Austrália, 2017. Numa investigação que teve início em 2013, a Comissão Real Australiana sobre Respostas Institucionais ao Abuso Sexual de Crianças revelou que 4444 crianças foram vítimas de abusos sexuais nas mais de mil instituições da Igreja Católica de toda a Austrália, entre 1950 e 2010. Concluiu também que 7% dos padres católicos do país cometeram actos de pedofilia.

Holanda, 2011. Uma Comissão de inquérito independente concluiu que, entre 1945 e 2010, “mais de 20 mil menores foram abusados por 800 padres da Igreja Católica holandesa”.
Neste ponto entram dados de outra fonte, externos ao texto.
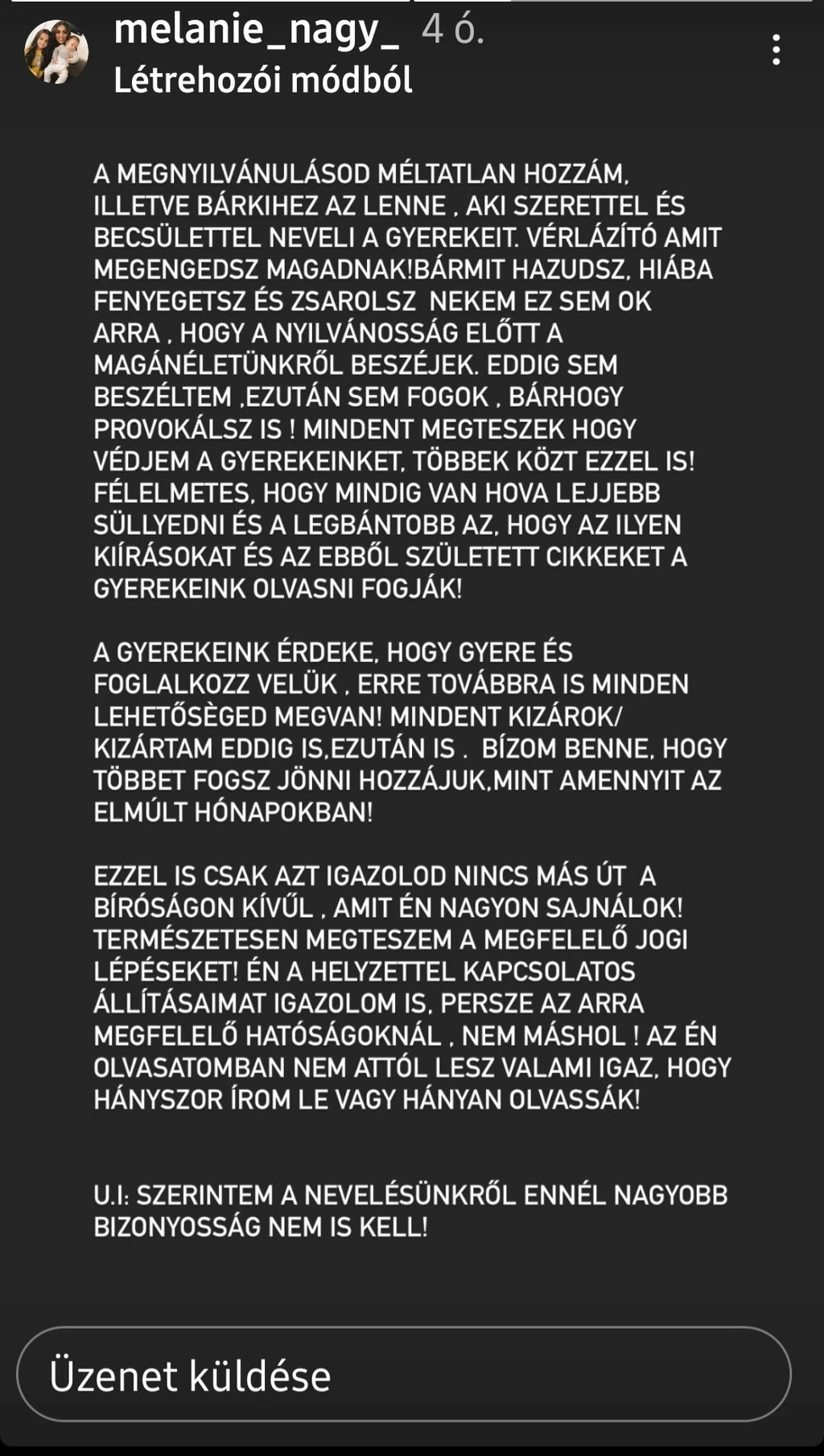 Nem kellett sokat várni Melanie válaszára sem, ami szerda reggelre meg is érkezett, szintén az Instagram-oldalán. Az édesanya vérlázítónak és méltatlannak tartja G.w.M írását, szerinte ugyanis szeretettel, becsülettel neveli a gyermekeit, akiket állítása szerint a rapper alig látogat, ellenben őt fenyegeti és zsarolja. „A gyerekeink érdeke, hogy gyere és foglalkozz velük. Erre továbbra is minden lehetőséged megvan! Mindent kizárok/kizártam eddig is. Ezután is. Bízom benne, hogy többet fogsz jönni hozzájuk, mint amennyit az elmúlt hónapokban!” – áll az édesanya válaszában. Aki követi a rappert, jól tudja, hogy él-hal a gyermekeiért, és ritkán ragadják el ennyire az érzelmei, sokszor hangoztatta azt is, hogy nagyon szeretne megegyezni a gyerekek láthatásáról, de úgy tűnik, erre már csak bírósági úton lesz lehetősége.
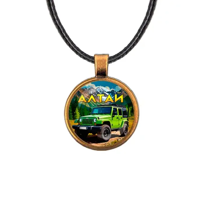 Кулон из бижутерного сплава в цвете бронза со шнурком. Изображение защищено выпуклой стеклянной линзой.
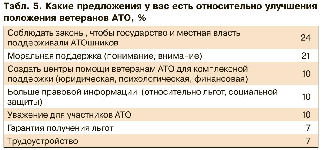 Проведенное исследование подтверждает принципиальное видение ветеранами путей улучшения состояния и положения, в которых они находятся, за счет исключительного выполнения государством и органами местной власти законов, что свидетельствует об ощущении ими определенной социальной несправедливости и несистемности действий и, вероятно, непоследовательности в реализации их прав (см. таб. 5). Есть большая проблема с адекватностью их заслугам перед обществом моральной поддержки, понимания и должного внимания.

Irlanda, 2009. Após três anos de inquérito, a Comissão da Arquidiocese de Dublin concluiu que houve por parte da Igreja Católica irlandesa tentativa e logro no encobrimento de milhares de casos de pedofilia perpetrados por padres da instituição, entre 1975 e 2004.

Estados Unidos da América, 2004. Um relatório publicado a 27 de Fevereiro dá conta da existência de mais de 11 mil alegações de abusos sexuais sobre crianças perpetrados por 4450 padres da Igreja Católica – cerca de 4% dos 110 mil padres que serviram entre 1950 e 2002 no país.